Furthermore, since Big Data makes it possible to collect and analyse large amounts of data to identify attitude
patterns and predict behaviours of groups and communities, the collective dimension of the risks related to
the use of data is also to be considered.
This led the Committee of the Convention for the Protection of Individuals with regard to Automatic
Processing of Personal Data (CETS 108, hereafter “Convention 108”) to draft these Guidelines, which
provide a general framework for the Parties to apply appropriate policies and measures to make effective the
principles and provisions of Convention 108 in the context of Big Data.
These Guidelines have been drafted on the basis of the principles of Convention 108, in the light of its ongoing
process of modernisation, and are primarily addressed to rule-makers, controllers and processors, as
defined in Section III.
Considering that it is necessary to secure the protection of personal autonomy based on a person’s right to
control his or her personal data and the processing of such data, the nature of this right to control should be
carefully addressed in the Big Data context.
Control requires awareness of the use of personal data and real freedom of choice.
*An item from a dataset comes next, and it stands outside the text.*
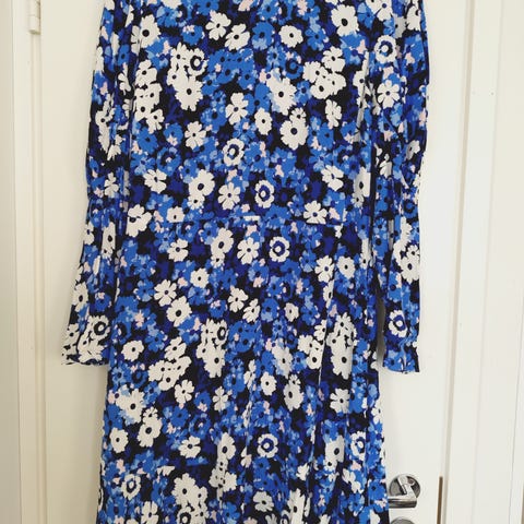 Kukkamekko, takana vetoketju, mukana vyötärön korkoinen bleiseri.

These conditions, which
are essential to the protection of fundamental rights, and in particular the fundamental right to the protection
of personal data, can be met through different legal solutions. These solutions should be tailored according to
the given social and technological context, taking into account the lack of knowledge on the part of
individuals.
The complexity and obscurity of Big Data applications should therefore prompt rule-makers to consider the
notion of control as not circumscribed to mere individual control. They should adopt a broader idea of control
over the use of data, according to which individual control evolves in a more complex process of multipleimpact
assessment of the risks related to the use of data.
II. Scope
The present Guidelines recommend measures that Parties, controllers and processors should take to prevent
the potential negative impact of the use of Big Data on human dignity, human rights, and fundamental
individual and collective freedoms, in particular with regard to personal data protection.
Given the nature of Big Data and its uses, the application of some of the traditional principles of data
processing (e.g. the principle of data minimisation, purpose limitation, fairness and transparency, and free,
specific and informed consent) may be challenging in this technological scenario. These Guidelines therefore
suggest a specific application of the principles of Convention 108, to make them more effective in practice in
the Big Data context.
The purpose of these Guidelines is to contribute to the protection of data subjects regarding the processing of
personal data in the Big Data context by spelling out the applicable data protection principles and
corresponding practices, with a view to limiting the risks for data subjects’ rights. These risks mainly concern
the potential bias of data analysis, the underestimation of the legal, social and ethical implications of the use
of Big Data for decision-making processes, and the marginalisation of an effective and informed involvement
by individuals in these processes.
Given the expanding breadth of Big Data in various sector-specific applications, the present Guidelines
provide a general guidance, which may be complemented by further guidance and tailored best practices on
the protection of individuals within specific fields of application of Big Data (e.g. health sector, financial sector,
public sector such as law enforcement).
Furthermore, in light of the evolution of technologies and their use, the current text of the Guidelines may be
revised in the future as deemed necessary by the Committee of Convention 108.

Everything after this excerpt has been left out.